Линда Кели занимала должность пресс-секретаря с расширенными полномочиями. Она окончила Калифорнийский университет, получив степень бакалавра. Девичью фамилию Маур, сменила при замужестве в двадцать три года. К двадцати пяти овдовела. Донован Кели, офицер военно-воздушных сил США, погиб на третий день маленькой победоносной войны, освобождая Кувейт. Его вертолет сбили на границе с Ираком. В фирме Слободски Линда полтора года. Первые шесть месяцев получала только стипендию. Это было условие ее дяди, Ганса Маура. По истечении испытательного срока Иван Алексеевич Слободски личным распоряжением положил ей тридцать тысяч долларов годовых. За три месяца до своей смерти повысил ее оклад до ста тысяч.
«Значит, вдовушка… К чему тогда разговоры о невинном теле?» – съехидничал про себя молодой человек. Однако антипатия, возникшая при встрече с белокурой сотрудницей, если и не исчезла совсем, то поубавилась. Это самодовольное, привыкшее к мужскому вниманию, но весьма деловое существо в своей короткой жизни уже успело пережить большое горе. Он закрыл секретный сайт и еще раз просмотрел почту. Непрочитанных сообщений уже скопилось семьдесят пять. Алекс пробежал глазами по адресам и увидел желанное «ru». Михаил Зелен наконец ответил. Молодой человек вывел текст письма на экран монитора:
«Уважаемый господин Слободски, каюсь, задержался с ответом. Дело в том, что Вильям Васильевич Похлебкин, который знает об этом документе больше меня, живет не в самой Москве, а в Подольске. Мой старенький автомобиль давно стоит в гараже, поскольку садиться за руль не позволяет зрение. Подольск недалеко, но без машины добираться туда хлопотно и требует свободного дня. А телефона, не говоря уже об электронной почте, у Похлебкина нет. Ученый с мировым именем в жизни чудаковат. Обитает в маленькой квартирке, никаких средств информации, включая телевизор, не признает. Но я все же до него добрался и могу вам сообщить следующее.

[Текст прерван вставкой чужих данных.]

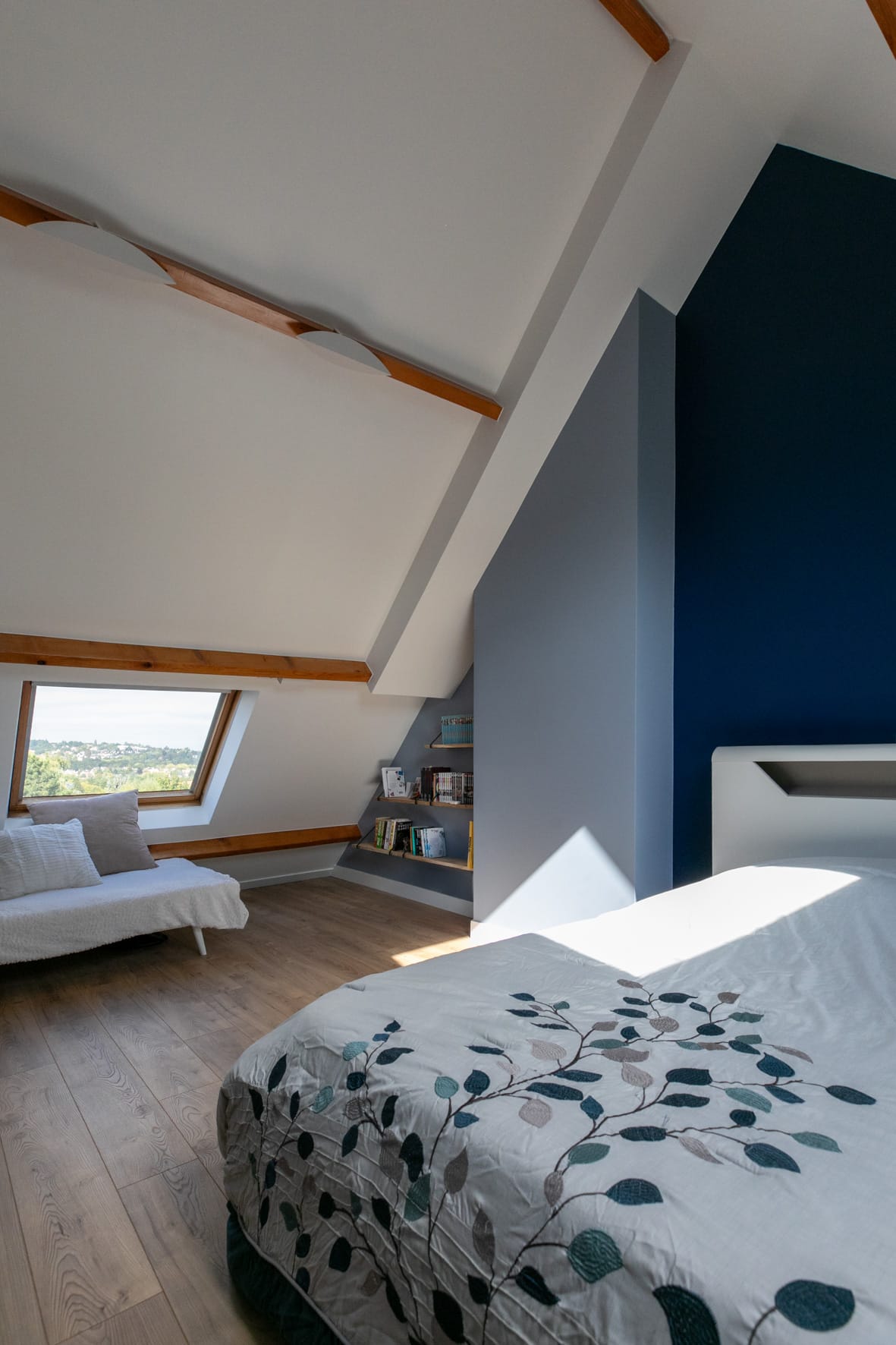 Une vaste pièce sous combles a été créée pour optimiser les volumes. Cet espace supplémentaire est devenu une véritable pièce de vie, fonctionnelle et chaleureuse.

Документ, о котором вы пишете, существует. К сожалению, Вильям Васильевич располагает только копией раритета. И чтобы эту копию отыскать в своей запруженной книгами и документами квартирке, просил недели две. Оригинал, по его же словам, скорее всего, находится в Екатеринбурге (бывшем Свердловске) у господина Вострикова. Я Вострикова знаю лично и написал ему о вашей просьбе, но ответа пока не получил. Слыхал, что Николай Спиридонович слаб здоровьем, поэтому торопить его стесняюсь. Посылаю вам его адрес. Будете в России – заходите, с удовольствием пожму вашу руку.
С уважением. Ваш Михаил Зелен.
Р.S. Похлебкин еще год назад предупреждал Вострикова, что этот документ интересует темных дельцов. Настоятельно просил предостеречь и вас. Не слишком афишируйте цель визита. У него есть основания предполагать, что некоторым весьма антипатичным субъектам ваш приезд не понравится».

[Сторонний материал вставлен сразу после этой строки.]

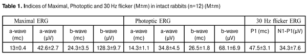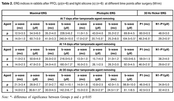 30 Hz flicker ERG response reflects activity of the cone system to 30 Hz stimuli. That in eyes after PFCL tamponade was characterized by increased N1- Р1 (µV) wave amplitude by 65.5% (р=0.001) and longer peak time by 24.4% (р=0.03). 30 Hz flicker ERG didn’t differ from the norm in eyes after SO tamponade (Table 2). High frequency flicker ERG is considered to be a signal reflecting total resulting activity only of neuronal retinal elements not mediated by neuroglia since, according to Miller R.F., Dowling J.E., (1970) [11], glial Muller cells are unable to resolve flickers with a rate higher than 2-4 Hz. Thus, at Day 7 of follow up after tamponading agent removing, action of SO and PFCL resulted in almost similar increased response in photoreceptor and inner layers of the retina by 35-85% and delayed conduction in the inner layers (bipolar and Muller cells) by 58%. However, PFCL effect on the cones was more sparing as compared to that of light SO: SO tamponade resulted in a decrease in cone response, implicit time delay and too high response in the inner layers (by 48%). At Day 14 after tamponading agent removal, the inner retinal layers in the PFCL eyes responded to a flash with a higher b-wave amplitude than in eyes with light SO by 16.6% (р=0.02). So, it was equal to 216±5 (µV) (Table 2). Photoptic ERG didn’t differ significantly in groups; however, b-wave amplitude showed increased reactivity in the inner layers by 43% as compared to the norm (Table 1). 30 Hz flicker responses were recorded with a higher amplitude of N1- Р1 (µV) wave by 22 % (р=0.04); however, as compared to the norm, that didn’t alter significantly in both groups. Only latency was slowed in the neuronal elements of cones by 22% (р=0.001) to (59.0±1.5) mc in PFCL group. Thus, at Day 14 after tamponading agent removal, response was increased in the retinal inner layers (by 16.6% and more in PFCL) as well as in the inner layers of the cones, in both groups. At Day 30, Maximal ERG was actually within the normal range in SO group, only a-wave amplitude decreased by 14% (р=0/04) as compared to the norm. In PFCL group, a-wave amplitude was smaller in Maximal ERG and Photoptic ERG by 27% (р=0.006) and 59% (р=0.001), respectively, as compared to SO group; that was likely a reflection of early dystrophic alterations in the photoreceptors. Flash response of the inner cone layers was characterized by increased activity in both groups; herewith, b-wave amplitudes did not differ significantly (Table 2) and conduction delay was observed after PFCL removal. It should be noted that 30 Hz Flicker ERG was normalized in both groups. Thus, at early terms after tamponading agent (PFCL and SO) removal, rabbit’s retina respond was similar and characterized by actually equal increase in activity of photoreceptor and the inner retinal layers (supernormal ERG). At Day 14, response in the inner retinal layers remained increased in both groups, but with a less amplitude as compared with that at time point of 7 days (Table 2). At Day 30, in both groups, flash response in inner cone layers was still increased with more delayed conduction and decreased amplitude in photoreceptor response in PFCL group. The data on normalization of 30 Hz flicker ERG in both groups showed the safe ability of the retinal neurons to reproduce light rhythm. Conclusions As a result of the experiment, 14 day PFCL (perfluorodecalin) tamponade of the rabbit eyes induced similar bioelectric reaction in the retina, comparing to light SO tamponade (viscosity 5 700 sST). The reaction consisted of increased activity in photoreceptor and inner retinal layers at early terms and normalization of retinal functions at late terms (1 month) after tamponade removing with a decrease in inner layer reactivity. Therefore, PFCL can be considered as a short-term tamponade agent.

Алекс перечитал письмо два раза и вызвал секретаря:
– Закажите мне два билета бизнес-классом до Екатеринбурга. Если прямого рейса нет, через Москву. И позаботьтесь о русской визе. Я бы хотел вылететь в понедельник.
– А кто полетит с вами, если не секрет?
– Пока не знаю.
– Не лучше во вторник? Понедельник по русским приметам день тяжелый.
– Ничего, тетя Маша, я не суеверный.